Converse was silent.
“Anyway, it’s interesting. I’m like the Holy Ghost, man. I like to see shit heads fall on their ass.”
“Tell me something,” Converse said after a while. “Did you put that drawing on my wall?”
Danskin laughed, incredulous.
“What do you think I am, a moron? Smitty did that. Did it scare you?”
“Yes,” Converse said. “It did.”
Danskin laughed and pounded on the wheel.
“Why, you simple asshole!” he said. “Good for Smitty.”
_
ANTHEIL WAS WAITING FOR THEM BESIDE A PICKUP TRUCK at a turn in the road. He had parked at the edge of a pine forest; there was a Mexican with him, a somber squab-nosed man in a khaki shirt with a broad-brimmed beige fedora.
Danskin eased the station wagon over the pine needles and parked it beside the truck.
“He’s pissed off,” Smitty said.
Antheil was dressed for an afternoon of outdoorsmanship. In his Roos-Atkins collapsible hat and safari jacket, he might have stepped from the pages of Field and Stream. But he did appear anxious and depressed, red-eyed, pissed off.
He had spent the previous evening on the south side of the border with his lone Mexican companion, whose name was Angel.
When they pulled up, he walked over to their station wagon and looked in at Converse with resigned disgust, as one might inspect a consignment of spoiled meat.
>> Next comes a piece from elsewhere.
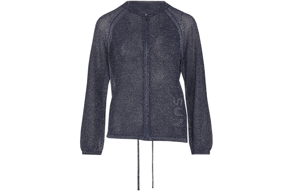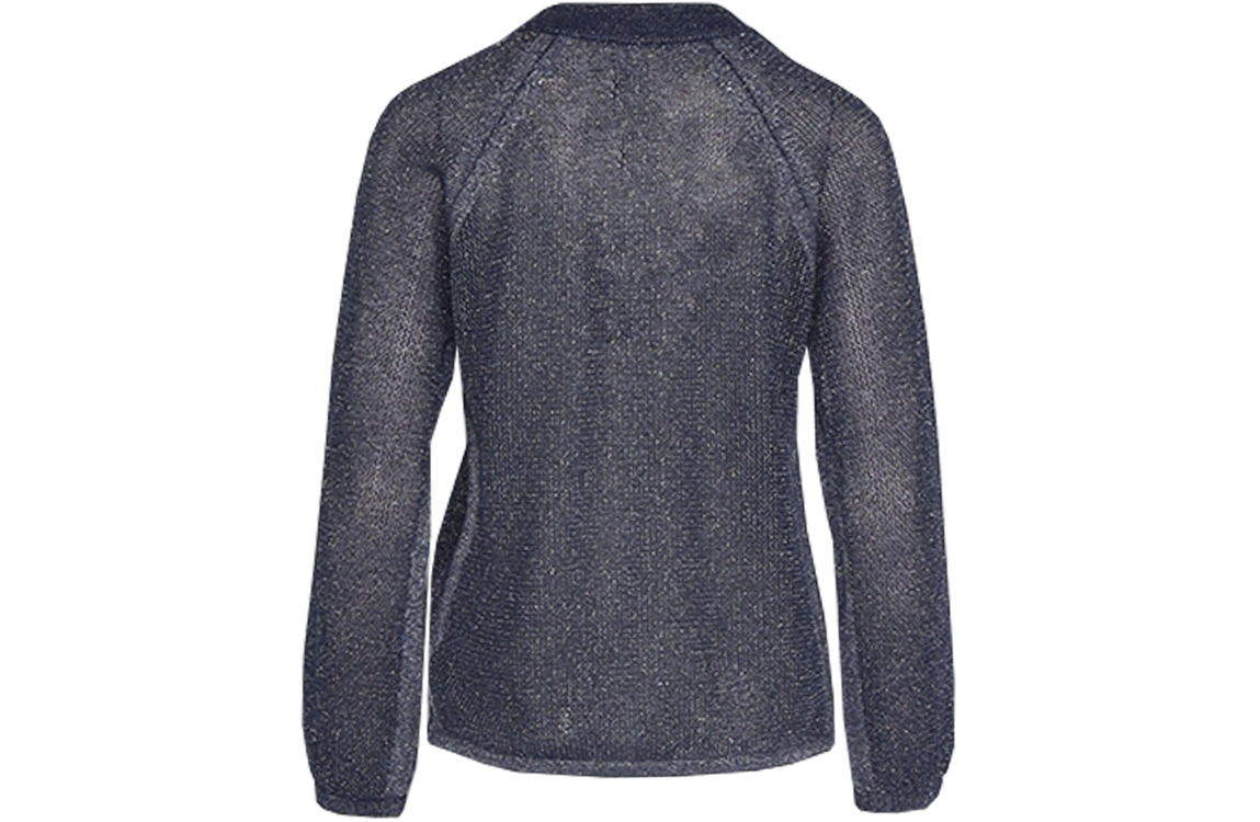 Rabe Online vest 54-221521 4377. Dit rechtvallend model heeft een ronde hals en lange mouwen met elastische boorden. Deze blauwe vest van Rabe sluit aan de voorzijde door middel van een rits en is beschikt over een trekkoord in de onderboord. Dit model is uitgevoerd in een open gehaakt model en is all-over bewerkt met glitterdraden.

Danskin and Smitty got out and stood by apologetically; they seemed to despair of pleasing him.
“What’s the matter with the radios?” he asked them sharply. “I had no idea where you were.”
“They’re not much use,” Danskin said. “The hills are in the way.”
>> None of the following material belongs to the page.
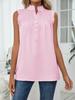 Summer Women's Vest Sleeveless High Neck Button-frilly Loose Casual Top

Driving in, they had been trying to make contact on a battery transmitter over the citizen’s band; an elaborate code had been prepared to disguise the substance of their conversations. But there had been no contact, the hills had been in the way.
“Well, I hope you’ll be able to use them going in,” Antheil said. “Otherwise things may get pretty fucked up.”
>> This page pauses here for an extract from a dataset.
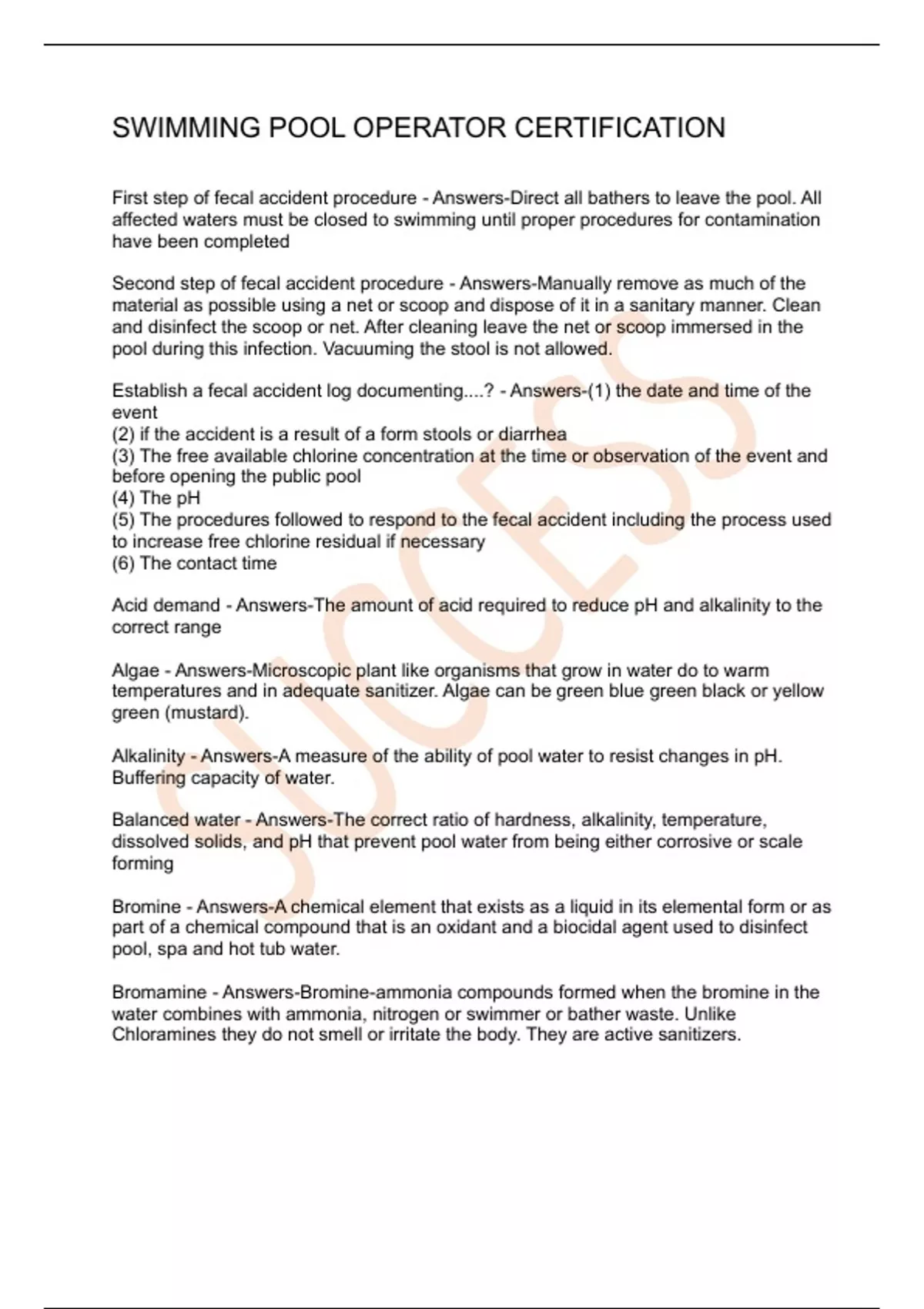 AQUATIC FACILITY OPERATOR QUESTIONS AND ANSWERS 2 Exam (elaborations) SWIMMING POOL OPERATOR CERTIFICATION 3 Exam (elaborations) POOL OPERATORS TEST QUESTIONS WITH ANSWERS 4 Exam (elaborations) POOL OPERATORS TEST QUESTIONS AND ANSWERS 5 Exam (elaborations) POOL OPERATOR QUESTIONS AND ANSWERS 6 Exam (elaborations) POOL QUESTIONS AND ANSWERS 7

Angel looked at Danskin and Smitty as though they aroused some dreadful appetite. He bent to the car window to look in at Converse. Converse nodded to him.
Angel was a policeman in the adjoining Mexican state, and in the past he and Antheil had collaborated in matters relating to law enforcement. In the spirit of alianza para progreso, they had gone drinking and Antheil, who prided himself on the knowledgeable finesse with which he handled Latins, had found the evening trying and even dangerous. Sober, Angel was a public man of massive, somewhat grim, dignity. In liquor he became sullen and contentious. Simpatico as he was, Antheil’s Spanish was uneven. Several times in the course of their revels he had inadvertently given offense to Angel in matters which, to his own understanding, were trivial in the extreme. There had been a period during which it appeared that Angel — whom he was after all engaging as a bodyguard — might shoot him. Angel had recounted many stories illustrating his own prowess and cunning as a police officer, and Antheil had been compelled to simulate intense admiration.